Thursday, September 4, 2008

Books Can Change Your Life

I know this is a book review blog, but sometimes I need to deviate from just reviews. Sometimes, I need to say something else about books. I don't know if y'all come to read the reviews or the deviations, or both, but this is a deviation.

I'm a major nerd. In case you hadn't yet realized this, I really am. That said, books can change your life.

Any book. Not just the classics. As brilliant as Shakespeare, Wordsworth, Shelly (either Shelly), Dickinson, Bronte, Austen, Socrates, Ovid, and all the rest of those geniuses in the canon are, other authors can change your life too. Stephen King, Nora Roberts, James Patterson, Danielle Steele, James Frey, Judy Bloom, Dan Brown... they can change your life too.

King Lear changed my life. Made me realize that Shakespeare was meant to be acted, not read. Great Expectations was the novel that made me realize that I'm not all that into classics. I was in 7th or 8th grade when I read it. The Crucible was one of the first "classic" novels that I liked. I didn't read it until 11th grade (a rather good year for me, literature-wise). Come 12th, we were reading "modern classics from around the world," things like 1984, Things Fall Apart, The Little Prince, all of which I liked.

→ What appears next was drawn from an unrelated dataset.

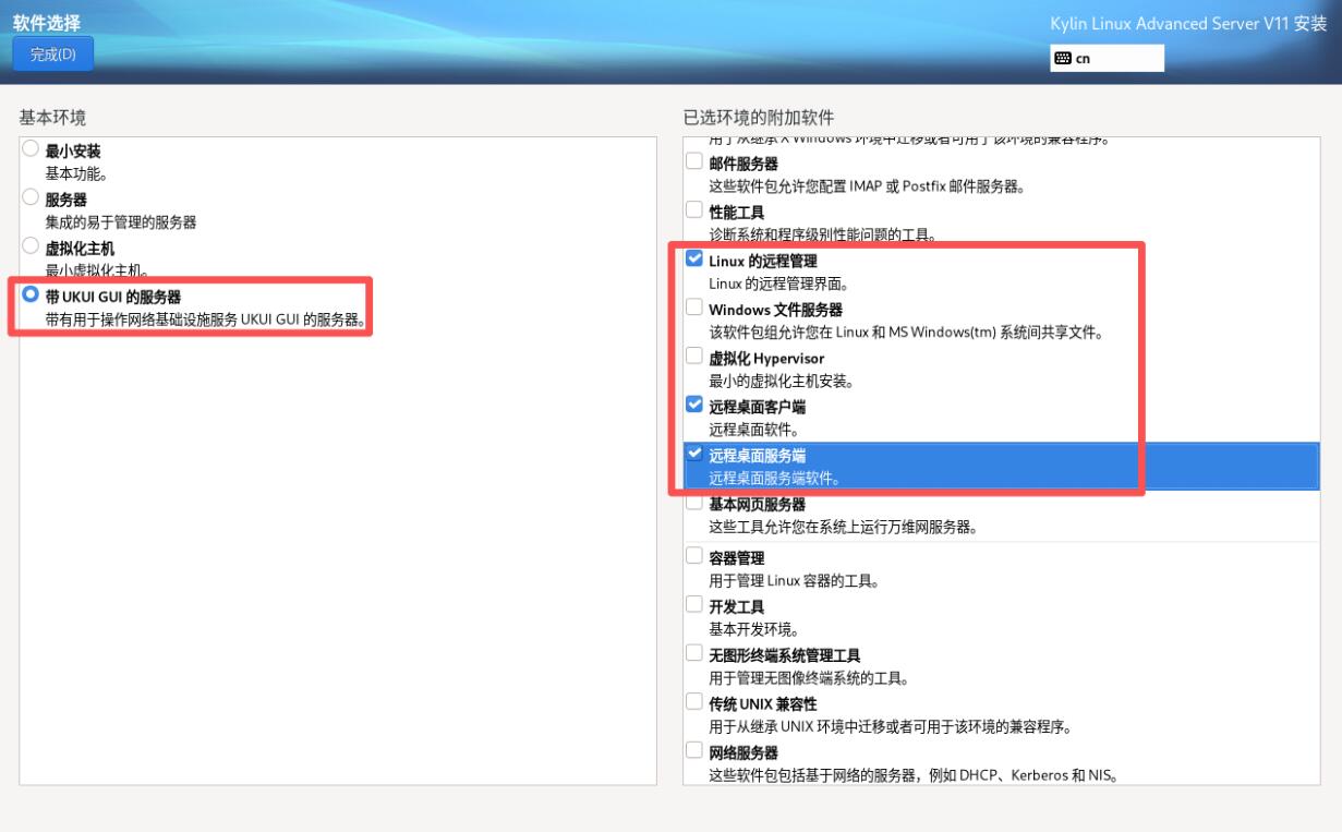 5、如需要图形化界面和远程管理工具,可在软件选择中把下面选项选中,如下图所示

Stephen King's On Writing was the first book that made me realize that it was okay that I wasn't into deep literature. Any myriad of Nora Roberts books made me realize that I'm not always happy with the happy ending. Joshilyn Jackson's books taught me about love and sadness and how they can sometimes be so intermingled that it's hard to see the former for the latter. Judy Bloom's Summer Sisters taught me that not everything stays innocent. Dean Koontz taught me about love with Odd Thomas, and Orson Scott Card's Ender's Game taught me about the dangers of government.

To Kill A Mockingbird taught me about injustice and separation. Charles Martin teaches about acceptance. Laurie Anderson taught me about the importance of speech, while Ellen Hopkins taught me the dangers of seduction.

I'm not saying I learn something, either about the world as a whole or myself in specific, every time I read something. Not even the second or third time I read something. Sometimes, I just learn that I really do like serial killer novels.

But once in a while, a book comes along that rocks my world. Makes me sit and think and stare into the distance until I figure out just what it is that sits with me.

Any books that did that for you? Feel free to leave a long list... I'm always looking for new things to read.

It could be anything. I like (some) classics, along with (some) modern stuff.

Oh, and I'm finally coming to terms with the fact that just because I don't love classic literature doesn't mean I was a bad English major. Some of us just aren't suited to long passages about slicing bread.